# Vallisneria lightings???



## cdarminio (Feb 5, 2016)

Hi,

I'm looking to add some vallisneria to my 60 gal tank. The tank has 2 18" T8 fixtures, so I'm hoping this would be enuf to grow some low light Vals. For substrate I have pool fiIter sand, which I've been told is fine for vals. If anyone could point me to a bulb that will definitely be able to substain vals (sp?) I would appreciate it. What species would do well with low lighting? Thanks


----------



## frog111 (Feb 13, 2006)

I have grown Vals for years under a variety of conditions. High light, low light and everything in between. CO2, no CO2, excel, no excel. A colleague at work took some of my Vals and has it in a 29 with the stock lid and light, and the Val's, while not propagating quickly, are still sending out new runners periodically. My water is rock hard, which seems to be a preferred water condition for Vallisneria.


----------



## koiboi (Sep 4, 2011)

My Vals grow bigger and faster in my pool sand/hard water tank than in my Flourish/soft water tank. Which is relative I guess because they both grow large fast, but the hard water/pool sand ones spread more via runners.


----------



## cdarminio (Feb 5, 2016)

Ok, so will Jungle Val (these r the ones I want) grow fine under almost any T8 bulb? I'm gonna go to Home Depot to get 6500k bulbs, shud these be ok?


----------



## serenityfate (Jan 29, 2014)

i grow val "tiger" in low light conditions and they do fine ! IME when i grew vals in sand substrate , it was harder for me to produce runner. But when i switched up to ada soil it was easier. Maybe the substrate was less compact so the runners were easily grown?


----------



## MtAnimals (May 17, 2015)

when I planted some vals in new Eco,they sent out runners and grew,then stopped.I added O+ tabs and they immediately began sending runners and growing again.Mine are spiralis.I don't think my water is hard enough for them.

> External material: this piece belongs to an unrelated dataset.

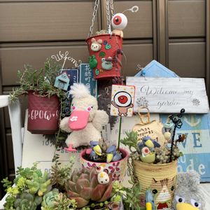 (*´・ω・)ノこんばんわぁ〜 fumi fumiちゃんからバラと夢CLUBプレ企画のお礼便が届きました〜😊 赤いJunkリメ缶2つと fumi fumiちゃんの作品って言ったら代名詞のワイヤーアート💕 お家🏠付きのワイヤーアートも😊 他にお菓子やキクラゲ入りシソ昆布も💕 ワイヤーアートは先日、わっしょい 輪ッしょい!プロジェクトの販売会 でお迎え出来たsora gardenさんの多肉弁当で寄せ植えしたfukumomoちゃんの🐍リメ鉢と前の回の同じくfukumomoちゃんのエンジェルリメ缶とえつこさんのカタツムリ🐌と紫陽花鉢(何故か本物🐌が鉢に付いてた〜💦)に挿してみたよ〜 挿したら一段とオシャレになるわ✨ ちょうど今日は8日で fumi fumi ちゃんのJunkリメ缶に 入っていた??ネックレスで 🏷ネックレスの日 fukumomoちゃんの🐍リメ鉢で 🏷毎月8日は鉢の日 で参加させて頂きます(*´˘`*) 2枚目 リメ缶はMyuuちゃん作 アーモンドネックレスとバナナネックレスが暴れています😅 3枚目 Haru.Kちゃんからもらったルビーネックレス、年中雨ざらしだけど💦 もりもり😊、 4枚目 ハツユキカズラのネックレス 白い小さな花が咲いています。 5枚目 先日るるちゃんからお礼便でもらったぞうさん🐘鉢💕 ちょっと遅くなったけど同時にもらった多肉とうちにある多肉で寄せ植え〜吊るして管理しようと思って 専用土のネルソル探してたら遅くなっちゃった(´>∀<`)ゝなのでちょっと徒長してます💦 隣、トワちゃんのリメ缶とえつこさんのミツバチ🐝࿆リメ鉢には一昨年のバラと夢CLUBのお礼便として 最近ななみちゃんから多肉弁当届いたので色々植えました。 もっと早い時間に投稿したかったけど💦久しぶりの仕事で今日は暑くて汗かいて仕事、何度か寝落ち💦 1時間以上かかっちゃった😅 文章が変なのはお許しください🙇♀️

currently growing in a 24" tall tank with a finnex planted+.


----------



## roadmaster (Nov 5, 2009)

cdarminio said:


> Ok, so will Jungle Val (these r the ones I want) grow fine under almost any T8 bulb? I'm gonna go to Home Depot to get 6500k bulbs, shud these be ok?


 Yes.:wink2:


----------



## cdarminio (Feb 5, 2016)

Thank yo so much everyone for your advice and input! I will let u all know how it turns out!


----------



## MtAnimals (May 17, 2015)

cdarminio said:


> Ok, so will Jungle Val (these r the ones I want) grow fine under almost any T8 bulb? I'm gonna go to Home Depot to get 6500k bulbs, shud these be ok?


Careful using comon names with Vals,they call V.americanus,V.spiralis and V.giganticus "jungle".big difference in them.I learned that the hard way,wanted tall ones for a 24" high tank and got spiralis.


----------



## cdarminio (Feb 5, 2016)

MtAnimals said:


> Careful using comon names with Vals,they call V.americanus,V.spiralis and V.giganticus "jungle".big difference in them.I learned that the hard way,wanted tall ones for a 24" high tank and got spiralis.


Wow, thank you for mentioning this. Which species do you recommend as the hardiest, most likely to thrive in low light, etc...?


----------



## MtAnimals (May 17, 2015)

the only one I have experience with is spiralis,it seems pretty tough.I understand most of it is pretty hard to kill.I have a couple of them in a spec V with the Stock spec LED and they are growing.It's not a very bright light.


----------



## Nordic (Nov 11, 2003)

Mine do fine, even with minimal light from an old low power spiral cfl. Even in inert gravel. I just feed plantamin once a month.


----------



## touch of sky (Nov 1, 2011)

This is the cultivar that I have in my tanks and in some of my tanks it grows under low light in gravel with very little fertilizing.
Vallisneria americana 'Gigantea' - Tropica Aquarium Plants
If I leave it, it will go up to the top as in this photo. In a tank where I want to have some cover for fry, I leave it twisting around the surface of the tank. If I don't want that to happen, I trim it off so that it is just above the water line and doesn't shade other plants. 
It gets very long and mine is about 3/4" wide.
It is an extremely undemanding plant.


----------